Semantic Kernel - The basics

The first post in a series dedicated to build AI infused apps with Semantic Kernel

Updated on 17th November 2023 to reflect the latest changes in the Semantic Kernel APIs:

  • All the Azure OpenAI extension methods have been renamed from Azure to AzureOpenAI. For example, WithAzureChatCompletionService() is now WithAzureOpenAIChatCompletionService().

The advent of Generative AI is changing the tech industry and more and more applications are adding AI powered features. If you just think to what Microsoft is doing these days in this space, they are integrating Copilot experiences powered by AI and LLMs almost in every product: Microsoft 365, Windows, Defender, Power Platform. From a technical perspective, integrating generative AI services from the most popular AI providers (like OpenAI) is fairly simple. They all offer a set of REST APIs to cover the most common scenarios, like generating a response starting from a prompt, supporting a chat conversation or creating an image out of a prompt.

However, when you start to build more complex enterprise applications, like a customized Copilot experience, you hit multiple challenges in using these APIs directly, like:

  • The need of changing the communication layer in case you need to use different services and models, which are based on a different set of APIs.
  • Managing prompts and requests in a scalable way.
  • Managing complex operations that might requires multiple prompts to be completed.
  • Integrating vector search to support Retrieval Augmented Generation (RAG), so that you can use the LLM to perform operations on private data, like the organizational data.

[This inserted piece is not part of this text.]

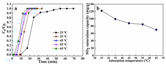 The effect of temperature on the removal of SO2 by Zn(5-ATZ)1.5 (a)—breakthrough curve; (b)—saturation capacity; adsorption temperature: 25 °C, desorption temperature: 120 °C, gas composition (vol %): 1.6% SO2 and 98.4% N2, volume airspeed: 2865 h−1.
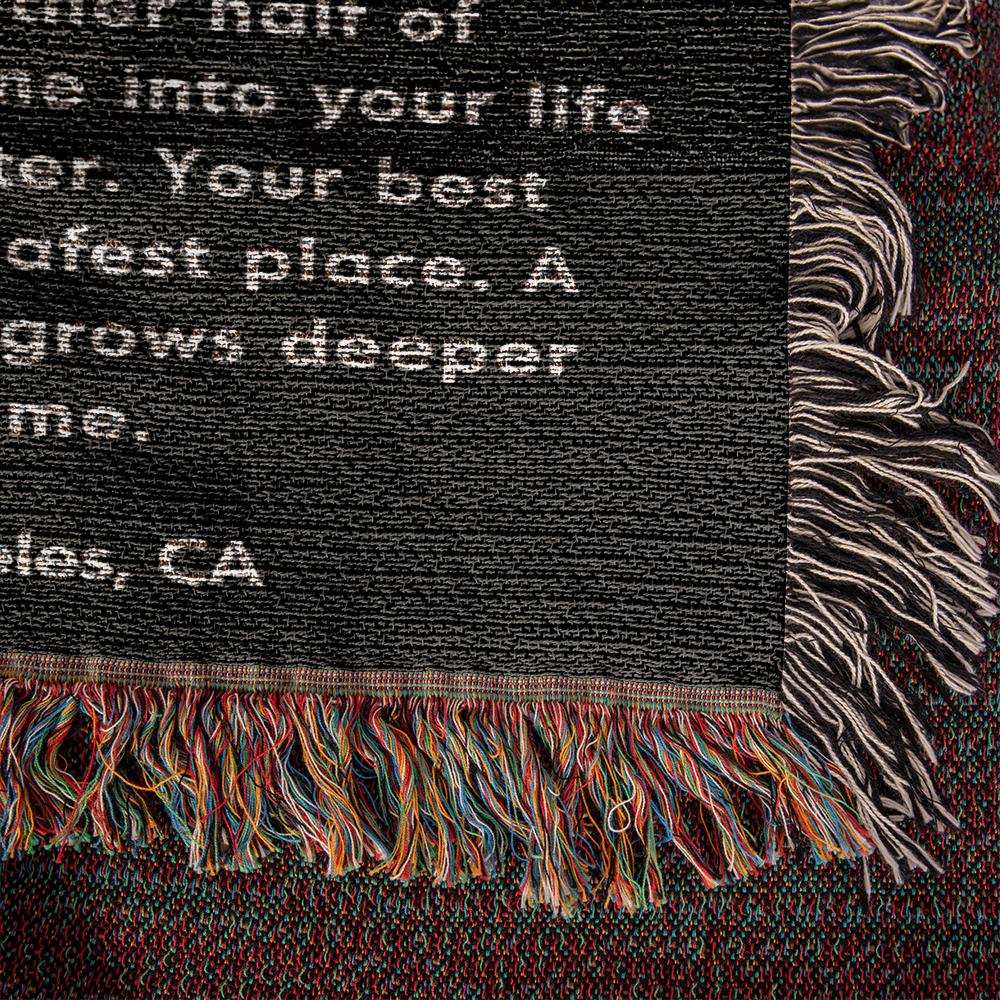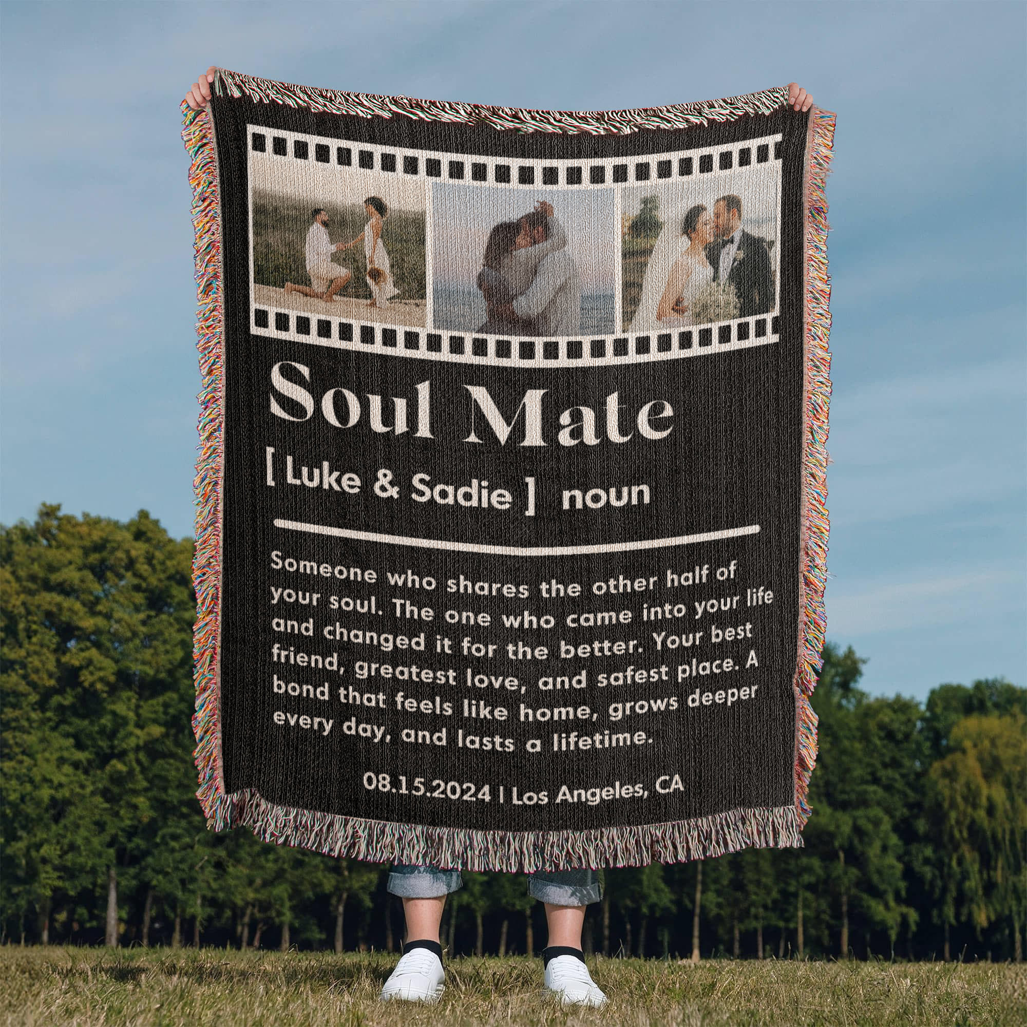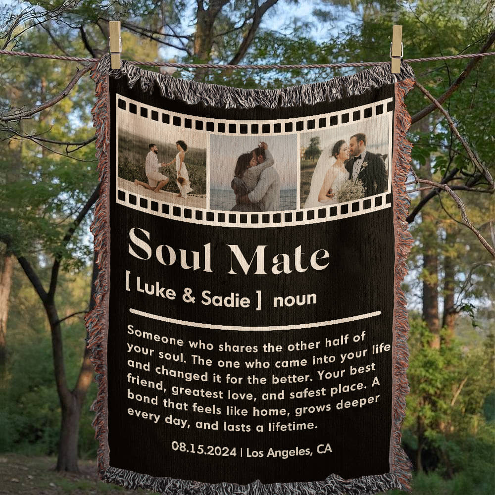 Celebrate your love with a custom woven photo blanket—a heartfelt keepsake that turns your favorite memories into a cozy, lasting tribute. Perfect for Valentine’s Day, weddings, anniversaries, or just because, this personalized couple collage beautifully blends your cherished photos with a meaningful soulmate definition tailored just for you.

Of course, it’s possible to build all these features just by calling the REST APIs, but it requires lot of work. To support developers in this journey, the tech market saw the rise of AI orchestration libraries and SDKs, that abstract many of the AI concepts into a set of easy-to-use APIs. You might already have heard of LangChain, which is one of the most popular available libraries for Python developers.

Microsoft is investing a lot in the AI ecosystem, as such they decided to join the AI orchestration space, with the dual goal of supporting developers who are using Microsoft tools and platforms (like .NET and Azure OpenAI) and having a platform that the company can use to infuse AI in their app ecosystem in an easier way. Please welcome Semantic Kernel, an open-source AI orchestration library which can be used by C#, Python and Java developers.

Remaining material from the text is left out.